■ ASSIGNMENT:
Set down the data below in full and exactly, minus the pictures.

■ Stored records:
+ + + + + + +

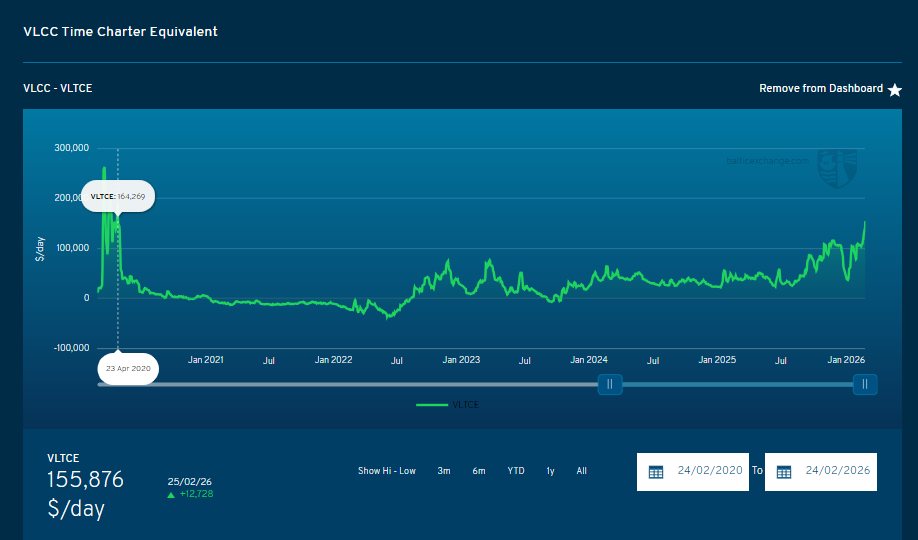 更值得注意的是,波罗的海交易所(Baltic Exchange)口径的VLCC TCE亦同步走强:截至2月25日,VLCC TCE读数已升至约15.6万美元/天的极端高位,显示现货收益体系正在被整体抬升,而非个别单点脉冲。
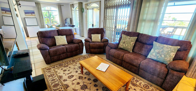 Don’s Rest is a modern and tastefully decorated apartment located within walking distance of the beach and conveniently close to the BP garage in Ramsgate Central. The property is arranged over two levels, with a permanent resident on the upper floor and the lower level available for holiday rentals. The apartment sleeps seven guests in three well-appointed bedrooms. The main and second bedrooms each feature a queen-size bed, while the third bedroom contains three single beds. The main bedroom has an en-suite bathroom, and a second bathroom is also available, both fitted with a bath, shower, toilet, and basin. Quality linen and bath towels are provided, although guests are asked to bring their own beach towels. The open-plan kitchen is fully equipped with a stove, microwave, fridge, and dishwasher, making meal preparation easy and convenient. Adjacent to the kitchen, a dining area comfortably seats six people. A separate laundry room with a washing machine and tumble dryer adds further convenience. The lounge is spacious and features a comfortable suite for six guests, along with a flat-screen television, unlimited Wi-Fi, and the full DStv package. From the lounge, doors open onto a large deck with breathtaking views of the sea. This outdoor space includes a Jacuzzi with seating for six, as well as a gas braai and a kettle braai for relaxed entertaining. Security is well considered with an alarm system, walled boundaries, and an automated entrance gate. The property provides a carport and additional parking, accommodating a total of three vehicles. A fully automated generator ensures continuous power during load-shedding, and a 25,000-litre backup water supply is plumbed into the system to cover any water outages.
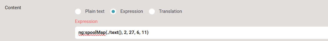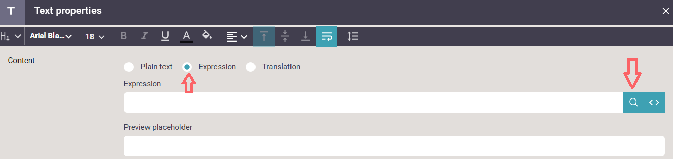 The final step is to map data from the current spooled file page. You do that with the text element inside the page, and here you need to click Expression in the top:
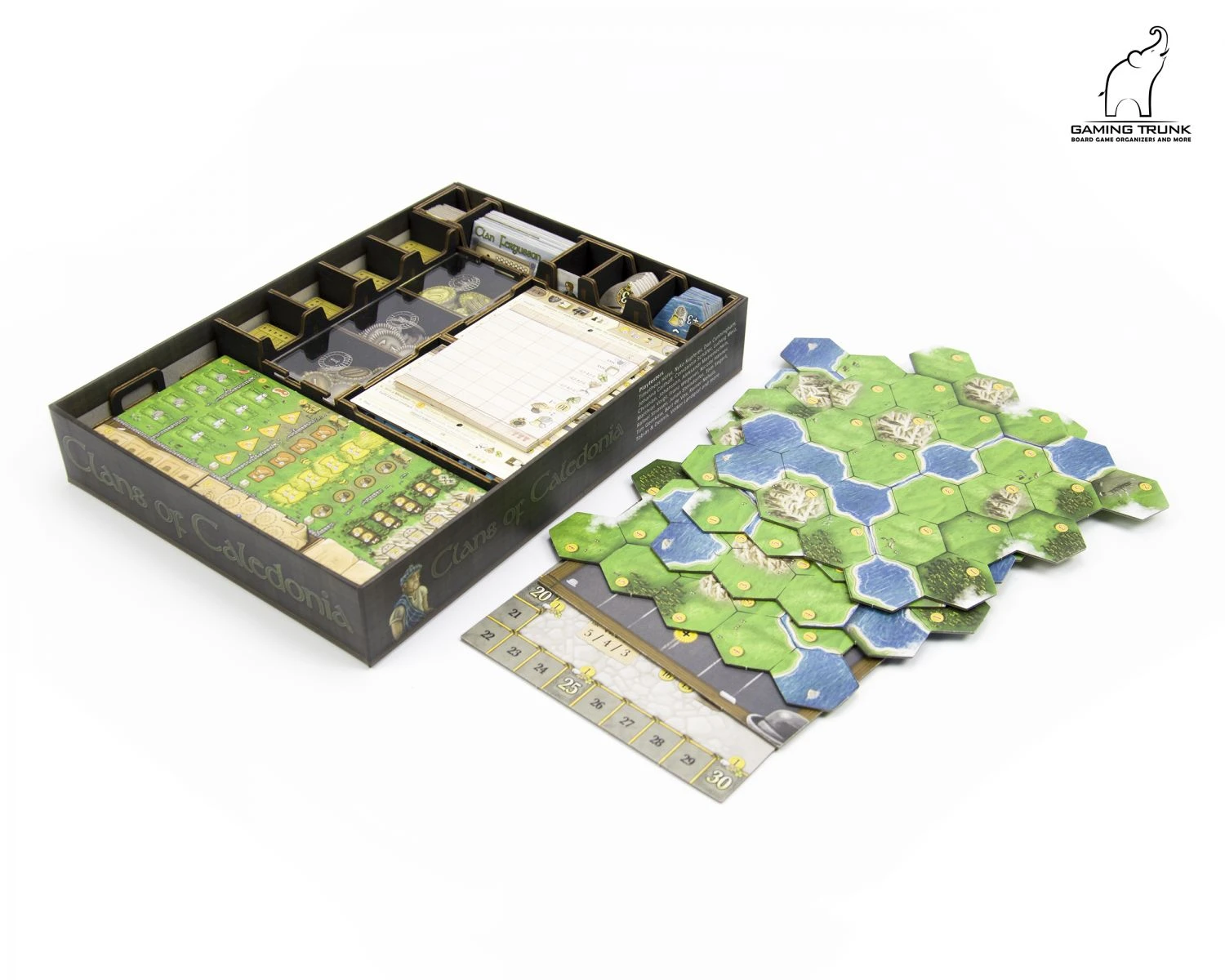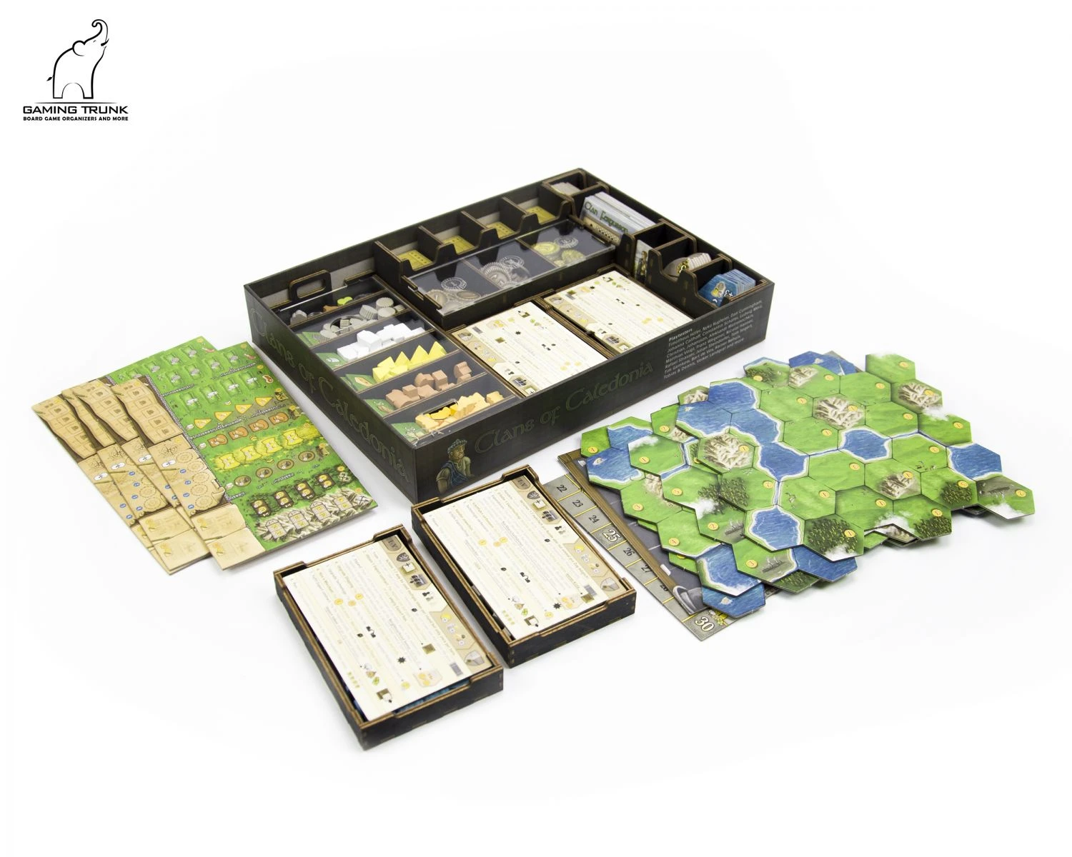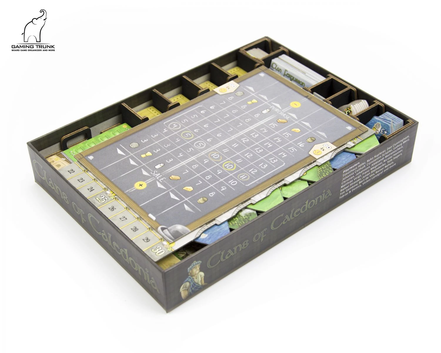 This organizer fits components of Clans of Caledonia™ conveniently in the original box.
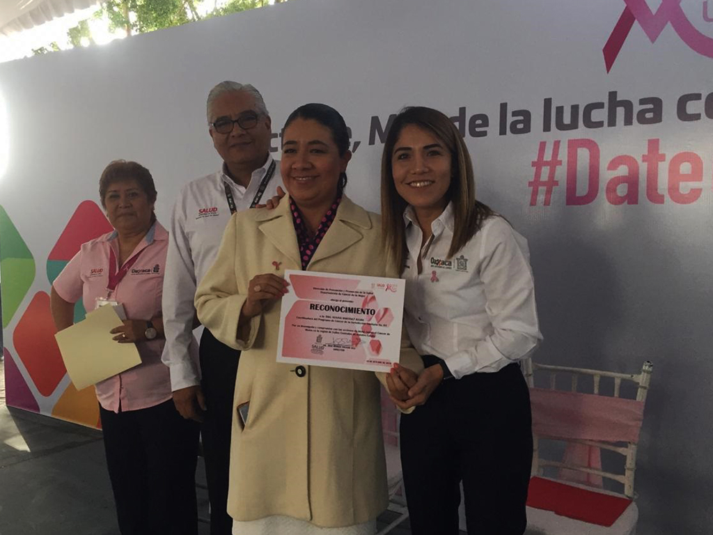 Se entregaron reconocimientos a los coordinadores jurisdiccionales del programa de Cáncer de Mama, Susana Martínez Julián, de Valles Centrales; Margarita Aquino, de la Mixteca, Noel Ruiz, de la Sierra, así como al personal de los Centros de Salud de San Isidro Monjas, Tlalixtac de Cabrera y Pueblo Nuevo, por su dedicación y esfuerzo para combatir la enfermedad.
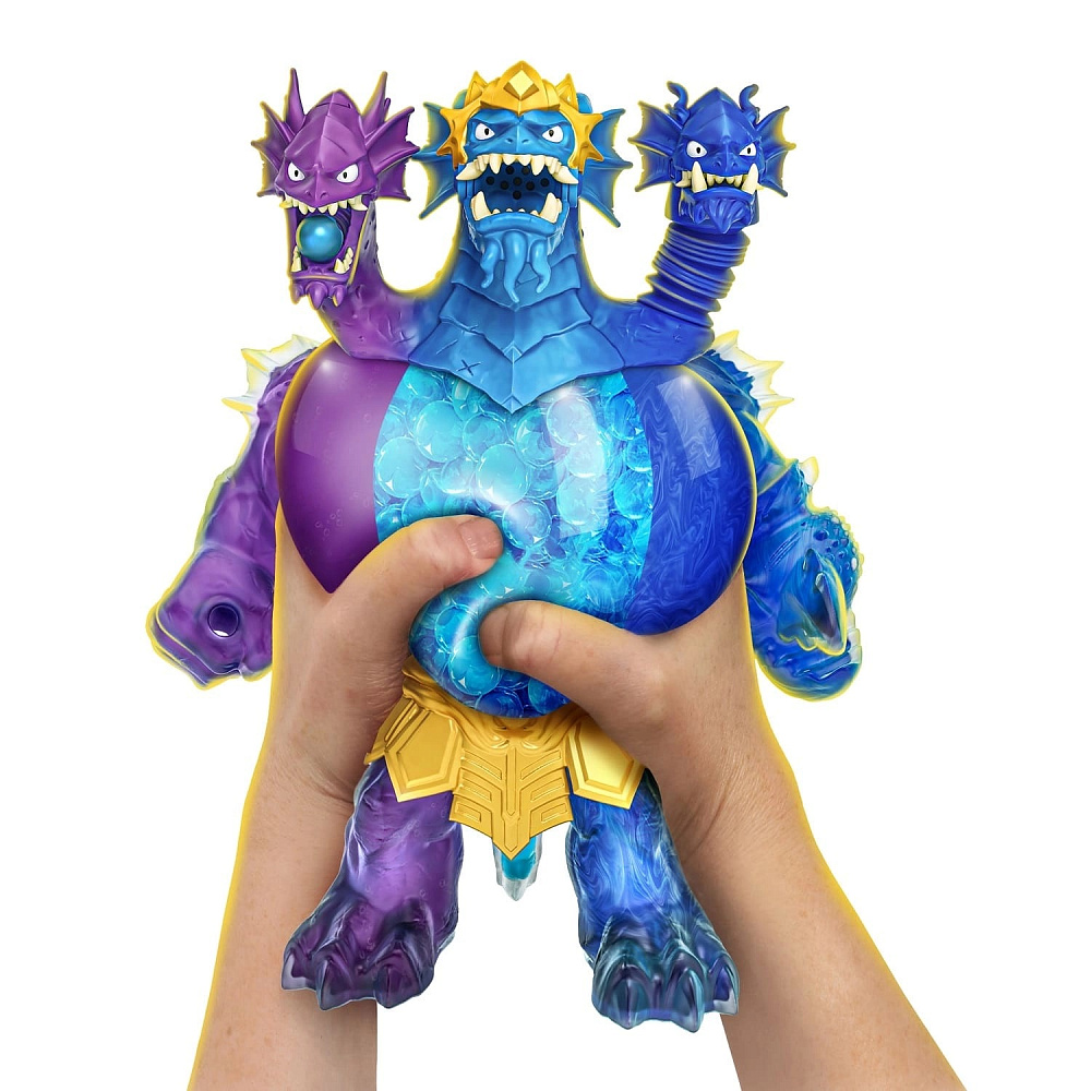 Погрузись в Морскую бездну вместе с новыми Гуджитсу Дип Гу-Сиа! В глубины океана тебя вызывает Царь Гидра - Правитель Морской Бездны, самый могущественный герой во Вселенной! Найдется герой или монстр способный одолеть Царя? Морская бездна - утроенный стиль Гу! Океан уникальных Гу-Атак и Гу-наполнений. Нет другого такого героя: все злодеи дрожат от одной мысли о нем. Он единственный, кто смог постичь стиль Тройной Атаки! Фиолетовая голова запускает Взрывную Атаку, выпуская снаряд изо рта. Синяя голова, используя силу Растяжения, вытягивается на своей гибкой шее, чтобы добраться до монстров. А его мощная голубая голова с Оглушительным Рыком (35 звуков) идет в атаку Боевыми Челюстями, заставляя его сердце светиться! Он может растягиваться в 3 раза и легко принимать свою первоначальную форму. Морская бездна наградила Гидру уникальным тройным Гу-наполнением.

+ + + + + + +

■ SOLUTION FOR THIS EXERCISE:
 更值得注意的是,波罗的海交易所(Baltic Exchange)口径的VLCC TCE亦同步走强:截至2月25日,VLCC TCE读数已升至约15.6万美元/天的极端高位,显示现货收益体系正在被整体抬升,而非个别单点脉冲。
 Don’s Rest is a modern and tastefully decorated apartment located within walking distance of the beach and conveniently close to the BP garage in Ramsgate Central. The property is arranged over two levels, with a permanent resident on the upper floor and the lower level available for holiday rentals. The apartment sleeps seven guests in three well-appointed bedrooms. The main and second bedrooms each feature a queen-size bed, while the third bedroom contains three single beds. The main bedroom has an en-suite bathroom, and a second bathroom is also available, both fitted with a bath, shower, toilet, and basin. Quality linen and bath towels are provided, although guests are asked to bring their own beach towels. The open-plan kitchen is fully equipped with a stove, microwave, fridge, and dishwasher, making meal preparation easy and convenient. Adjacent to the kitchen, a dining area comfortably seats six people. A separate laundry room with a washing machine and tumble dryer adds further convenience. The lounge is spacious and features a comfortable suite for six guests, along with a flat-screen television, unlimited Wi-Fi, and the full DStv package. From the lounge, doors open onto a large deck with breathtaking views of the sea. This outdoor space includes a Jacuzzi with seating for six, as well as a gas braai and a kettle braai for relaxed entertaining. Security is well considered with an alarm system, walled boundaries, and an automated entrance gate. The property provides a carport and additional parking, accommodating a total of three vehicles. A fully automated generator ensures continuous power during load-shedding, and a 25,000-litre backup water supply is plumbed into the system to cover any water outages.
 The final step is to map data from the current spooled file page. You do that with the text element inside the page, and here you need to click Expression in the top:
 This organizer fits components of Clans of Caledonia™ conveniently in the original box.
 Se entregaron reconocimientos a los coordinadores jurisdiccionales del programa de Cáncer de Mama, Susana Martínez Julián, de Valles Centrales; Margarita Aquino, de la Mixteca, Noel Ruiz, de la Sierra, así como al personal de los Centros de Salud de San Isidro Monjas, Tlalixtac de Cabrera y Pueblo Nuevo, por su dedicación y esfuerzo para combatir la enfermedad.
 Погрузись в Морскую бездну вместе с новыми Гуджитсу Дип Гу-Сиа! В глубины океана тебя вызывает Царь Гидра - Правитель Морской Бездны, самый могущественный герой во Вселенной! Найдется герой или монстр способный одолеть Царя? Морская бездна - утроенный стиль Гу! Океан уникальных Гу-Атак и Гу-наполнений. Нет другого такого героя: все злодеи дрожат от одной мысли о нем. Он единственный, кто смог постичь стиль Тройной Атаки! Фиолетовая голова запускает Взрывную Атаку, выпуская снаряд изо рта. Синяя голова, используя силу Растяжения, вытягивается на своей гибкой шее, чтобы добраться до монстров. А его мощная голубая голова с Оглушительным Рыком (35 звуков) идет в атаку Боевыми Челюстями, заставляя его сердце светиться! Он может растягиваться в 3 раза и легко принимать свою первоначальную форму. Морская бездна наградила Гидру уникальным тройным Гу-наполнением.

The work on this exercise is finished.